The Spurgin family of North Carolina experienced the cataclysm of the American Revolution in the most dramatic ways―and from different sides. This engrossing book tells the story of Jane Welborn Spurgin, a patriot who welcomed General Nathanael Greene to her home and aided Continental forces while her loyalist husband was fighting for the king as an officer in the Tory militia. By focusing on the wife of a middling backcountry farmer, esteemed historian Cynthia Kierner shows how the Revolution not only toppled long-established political hierarchies but also strained family ties and drew women into the public sphere to claim both citizenship and rights―as Jane Spurgin did with a dramatic series of petitions to the North Carolina state legislature when she fought to reclaim her family’s lost property after the war was over.
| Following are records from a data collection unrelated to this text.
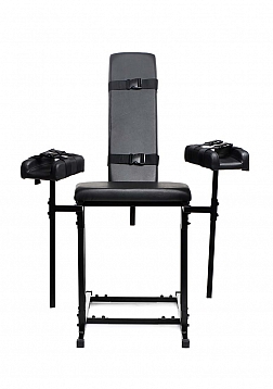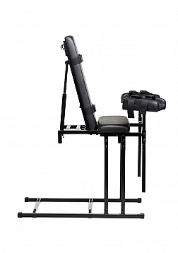 Key Features: Adjustable Back Rest: Sit up or lean back with this adjustable back rest. Strap your partner in and move them up or down for the perfect angle! Plush, Comfortable Pads: Perfect for long sessions, these plush pads are super comfortable and cushion against hard thrusting or movement. Heavy Duty Frame: Get a frame that can handle rough play! This heavy duty frame is made of metal and wood so it holds up as a durable piece of furniture. Quick Release Buckles: The ABS plastic buckles are easy to release for when you partner needs to sit up, readjust, or pause the scene. D-Rings to Attach Bondage Accessories: Attach wrist cuffs or other bondage accessories to the D-rings to add another element to your play! Compatible with the Dicktator Extreme Sex Machine: While this item is not included in purchase, this chair is perfectly paired with this satisfying sex machine!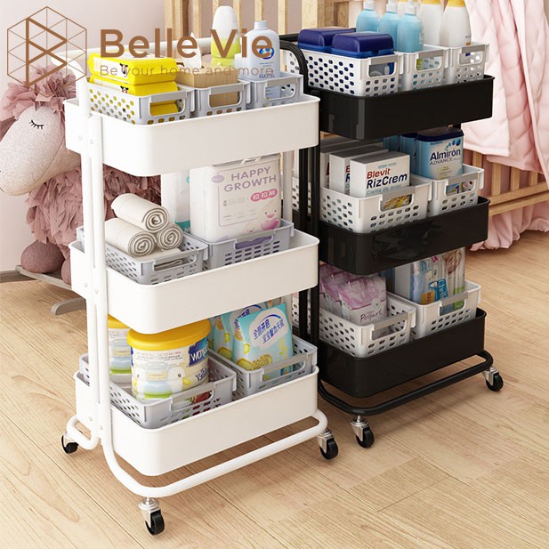 - Kệ thiết kế 3 tầng có bánh xe nên rất tiện lợi, dùng đựng đồ cho em bé hay mỹ phẩm, đồ làm tóc cho mẹ , sách báo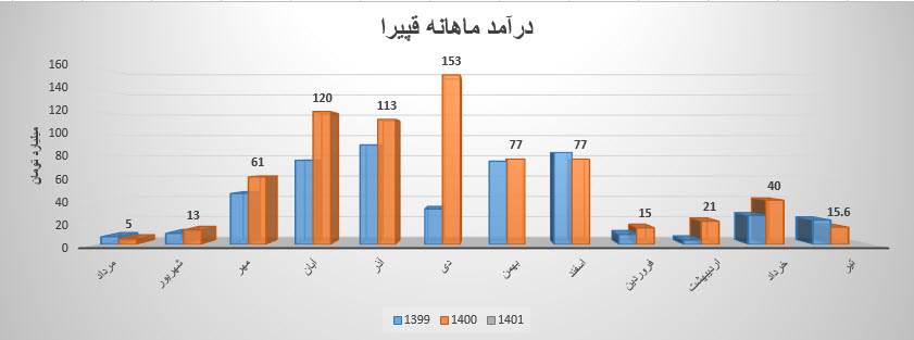 نماد قپیرا تا انتهای خرداد ماه 402,710 میلیون ریال از محصولات خود را به فروش رسانده است که نسبت به دوره 1 ماهه مشابه سال قبل 56% افزایش داشته است.

While providing readers with stories of battles, horse-stealing, bigamy, and exile that bring the Revolutionary era vividly to life, this book also serves as an invaluable examination of the potentially transformative effects of war and revolution, both personally and politically.

 

About the Author

Cynthia A. Kierner is a professor of history at George Mason University and a specialist in the fields of early America, women and gender, and early southern history.
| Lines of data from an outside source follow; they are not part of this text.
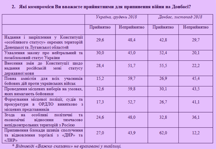 Для жителів Донбасу, а також Південного та Східного регіонів України більш прийнятними є надання ОРДЛО "особливого статусу", надання російській мові статусу державної, ухвалення закону про нейтральний та позаблоковий статус України та відновлення шляхів сполучення і торгівлі з окупованими територіями.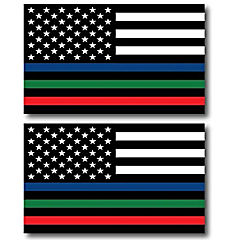 Magnet Me Up Thin Line Flag Magnet Decal, 3x5 Inches, 2 Pack, Heavy Duty Automotive Magnet for Car Truck SUV, in Support of Police, Fire, Military, Option B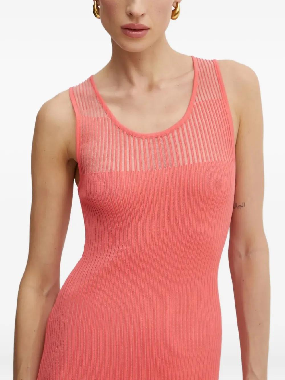 coral ribbed knit pleated hem sleeveless scoop neck sheer yoke
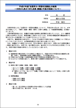 平成27年度「全国学力・学習状況調査 堀川小学校」の結果を掲載しました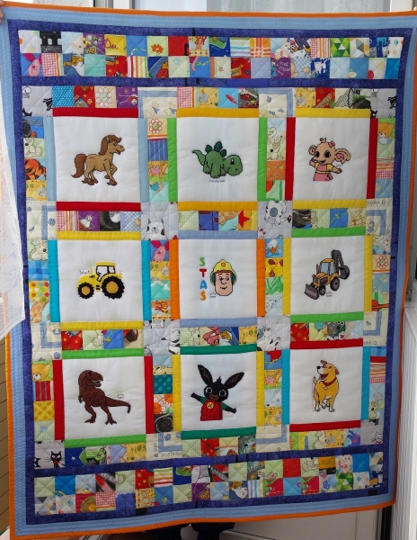Grażka z Choszczna uszyła dla niego bardzo, ale to bardzo kolorową kołderkę.

She is the author of Martha Jefferson Randolph, Daughter of Monticello: Her Life and Times (a finalist for the 2013 George Washington Book Prize); Scandal at Bizarre: Rumor and Reputation in Jefferson’s America, and Inventing Disaster: The Culture of Calamity from the Jamestown Colony to the Johnstown Flood.
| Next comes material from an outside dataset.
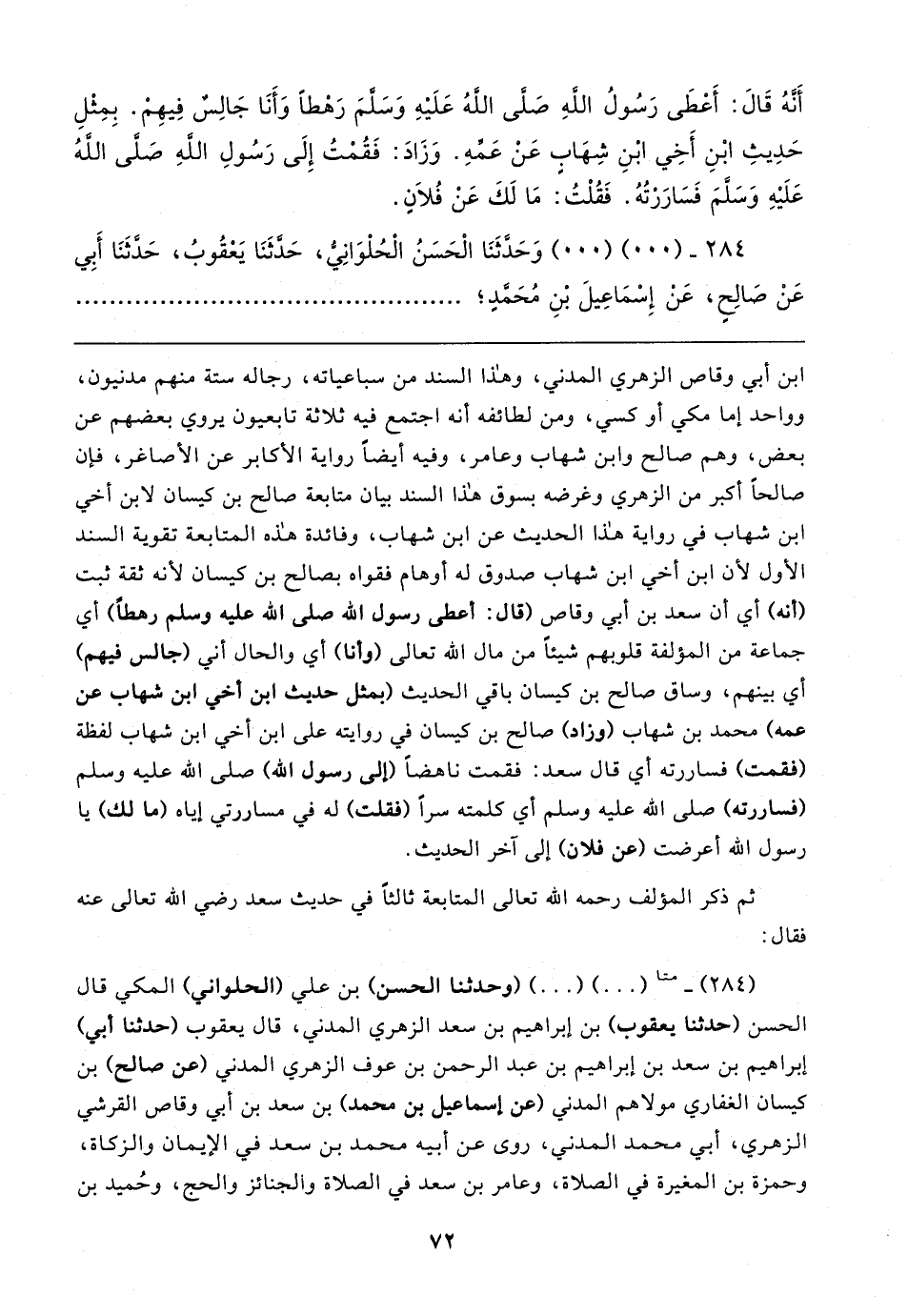 (٢٨٤) - متا (٠٠) (٠٠) (وحدثنا الحسن) بن علي (الحلواني) المكي قال الحسن (حدثنا يعقوب) بن إبراهيم بن سعد الزهري المدني، قال يعقوب (حدثنا أبي) إبراهيم بن سعد بن إبراهيم بن عبد الرحمن بن عوف الزهري المدني (عن صالح) بن كيسان الغفاري مولاهم المدني (عن إسماعيل بن محمد) بن سعد بن أبي وقاص القرشي الزهري، أبي محمد المدني، روى عن أبيه محمد بن سعد في الإيمان والزكاة، وحمزة بن المغيرة في الصلاة، وعامر بن سعد في الصلاة والجنائز والحج، وحُميد بن

Kierner is an OAH Distinguished Lecturer and past president of the Southern Association for Women Historians (SAWH), and she has served on several editorial boards. Her research has received support from the American Historical Association, the Virginia Historical Society, the Library Company of Philadelphia, the American Antiquarian Society, and the National Endowment for the Humanities. Dr. Kierner worked on The Tory's Wife as a member of the Washington Library's 2020-21 class or research fellows.